Presumably the patron—who, the program notes inform us, was unsatisfied with the final product—expected a sort of Irish Dvorák, with the whole work capturing the local color of the folk idiom, only presented in classical form. Yet Martin produced something more surprising; here he preserves the character of his Irish melodies—and he manages to squeeze a good number of these into the three-movement work—but treats them in unexpected and often jarring ways: overlapping with one another so as to create a touch of dissonance, for instance, or simply with edgy or dark harmonic coloring. As one who has a deep fondness for Irish folk music, I found the piece at its best—namely, I think, the whole third movement—to combine the familiar and the unsettling in a highly effective way. As for the performance, it seemed more stylistically tentative at times than it might have, but for the string players at least it must be somewhat unclear what to do here, where one must bring out the counterpoint and cannot simply resort to a loose Irish fiddle style complete with drones and sliding.


As enjoyable as this was, the Morgenstern Trio found itself on presumably surer ground in the following Mendelssohn D minor Trio. Mendelssohn was of course a complete master of instrumental color, and the first thing to note about this work, the more popular of his two essays in the genre, is how weighty a sound the composer is able to extract from his small ensemble. This is reflected to great effect in the first movement’s stormy minor-key opening, which at first leads one to expect a work of brooding, almost Beethovenian drama. Yet the second subject soon brings us one of Mendelssohn’s characteristic disarmingly ingratiating melodies, and tellingly it is this material that dominates the development. Haydn had done something similar in his Symphony No. 95, which—alone among his late symphonies—begins in a minor key, and ominously at that, yet soon moves into major keys, where nearly the whole rest of the piece stays, the “Scherzo” excepted. Yet with Mendelssohn here the contrast is more stark, perhaps too stark; and in spite of the palpable nervous energy of the finale, the work on the whole does not achieve as much dramatic unity as it might. Mendelssohn’s writing here is so consistently enchanting, however, that I should not press the point too hard. And certainly the Morgenstern players generally threw themselves into the music with style and vigor. I was initially disconcerted by cellist Emanuel Wehse’s very legato statement of the opening theme, but what followed was by no means an overly suave performance, rather one with a healthy dose of expressive variety joined to lovely tone from all involved.

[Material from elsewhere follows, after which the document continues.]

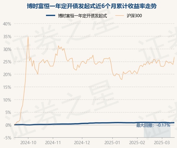 证券之星消息,3月14日,博时富恒一年定开债发起式最新单位净值为1.0182元,累计净值为1.1043元,较前一交易日上涨0.04%。历史数据显示该基金近1个月下跌0.07%,近3个月上涨0.14%,近6个月上涨0.84%,近1年上涨2.17%。该基金近6个月的累计收益率走势如下图:

I have long found been ambivalent in my reaction to Schubert’s large-scale works—even the celebrated C major String Quintet has seldom moved me—and so true Schubertians may wish to stop reading here. Even though Schubert’s generally variable skill at transitions is basically at its peak in the Second Piano Trio, the longer of his two piano trios, for all its charms this work reminds me why I do not always warm to the composer. Schubert’s melodic invention here is both inspired and seemingly endless, it is true. Yet there is so little sense of dramatic structure—of really robust contrast among themes and among movements, of long-term direction—that one simply has to give oneself over to Schubert’s admittedly very eloquent stream of consciousness. For my part, I struggle to do so for the duration of the piece, which can take over 40 minutes in performance (although I did not time yesterday’s). In playing such a rhapsodic work, it is essential to bring an expressive conviction and feel for ebb and flow, and the Morgenstern left nothing to be desired here. The players bring out the flow and shape of the music yet are not afraid to dig in with conviction either. Their inspired choice of an encore, the second of Ernest Bloch’s Nocturnes for Piano Trio, brought a comparably exquisite performance. For me, this and the Martin were the highlights of the evening, as much as I love Mendelssohn.